The House of Commons standing committee introduced this motion asking the committee to condemn a comment made by the National Firearms Association president that specifically referred to their committee as a committee that should go back to studying woodworking and metalworking skills and “construct guillotines”. That is what the National Firearms Association president said, and all the committee asked was that the comments be condemned.
I will fast-forward to the vote on that. Do members know how the vote went on that? Everybody voted in favour, except for four members: the member for Lakeland, the member for Battle River—Crowfoot, the member for Medicine Hat—Cardston—Warner and the member for Langley—Aldergrove. They did not vote against it; they abstained. I went back and watched the video of that. I watched the rationale that the member for Lakeland used in trying to put that into an in camera meeting. She basically said this is an issue that if somebody's life feels threatened, they should be contacting the police, and therefore they really should not be talking about this in public, because, if they did, then it is an ongoing investigation. What a load of crock that is, with all due respect. This is a public statement that had been made in the public about not somebody being attacked individually, but specifically about what the committee should focus its work on.
“Perhaps the committee should focus its work on revisiting their old woodworking and metal skills to construct guillotines.” The members for Lakeland, Battle River—Crowfoot, Medicine Hat—Cardston—Warner and Langley—Aldergrove could not not even bring themselves to vote in favour of the motion condemning those words. We have to wonder why that would be. How tightly does one have to be intertwined with the National Firearms Association to not vote in favour of that? I believe I have already demonstrated that by telling members how intertwined the leader of the opposition's policy and platform commitments on firearms are with the requests of the National Firearms Association.
As I conclude, I will leave members with the thought that perhaps the opposition to this bill is less about people coming here and genuinely trying to look for solutions as much as it is being directed by an organization that has a stranglehold on a party. I hear members from the other side saying “wow”, but maybe they can explain to me why the four members I pointed out would somehow not be willing to vote in favour.
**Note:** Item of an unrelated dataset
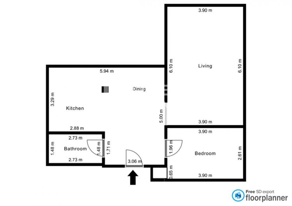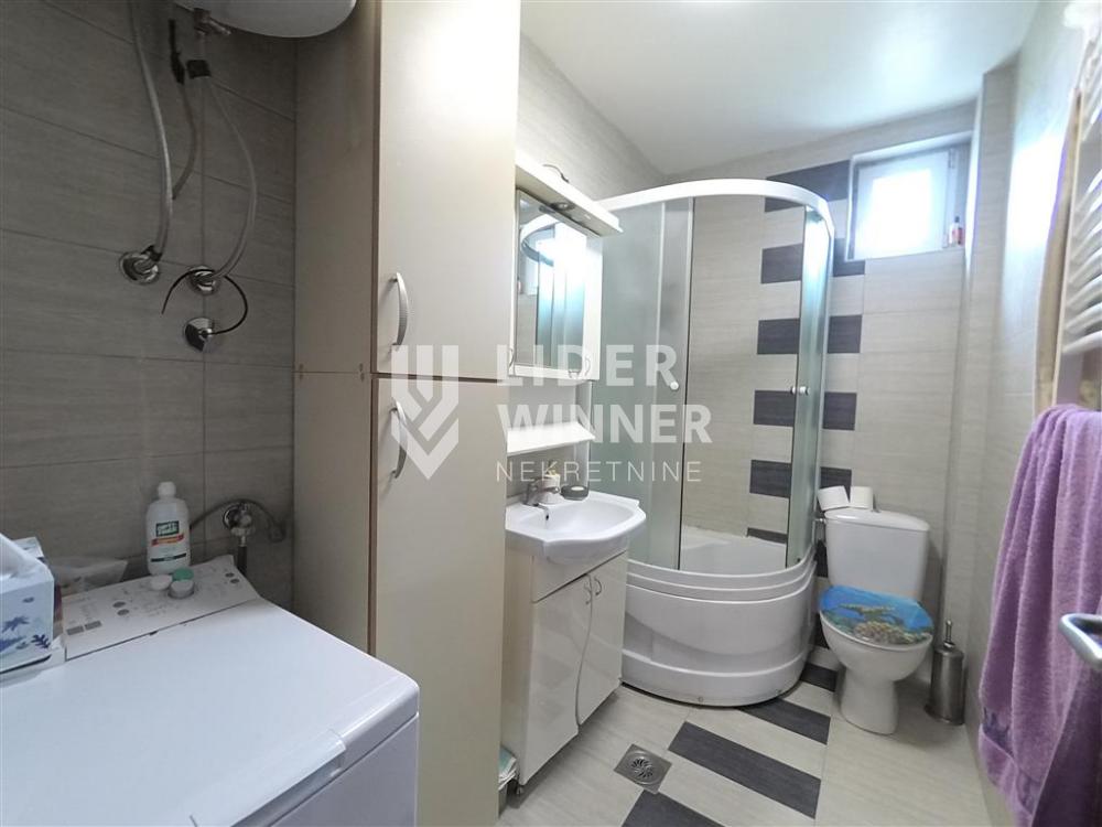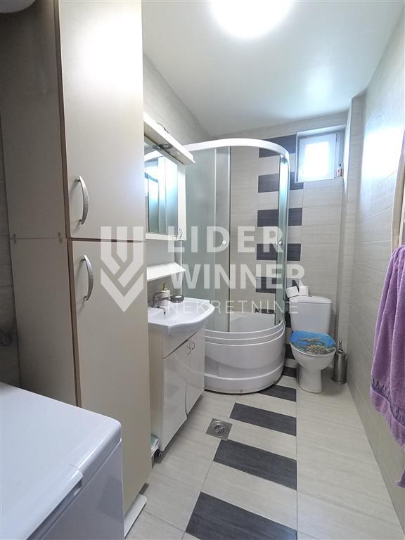 Prostorije; ulazni deo sa plakarom, trpezarija sa kuhinjom, dnevni boravak, spavaća soba, prostrano kupatilo sa prozorom i tuš kabinom

What makes it even worse is that somehow they thought they were skating the issue by abstaining. If they were against it and truly believed what the member for Lakeland said, why did they not vote against it? It is because they knew that by voting in favour they would be sending a message back to the organization their party is so intertwined with, which would not be beneficial to their future campaigns. That is the only conclusion that I can come to.
This legislation is necessary. We need to move forward with it and we need to protect Canadians' lives. We need to listen to the chiefs of police, whom I quoted earlier, so that we can save lives in Canada. We need to stop playing games for the benefit of some people in this country who are trying to promote, rightfully so, their position on the matter but unfortunately are completely intertwined with the Conservative Party.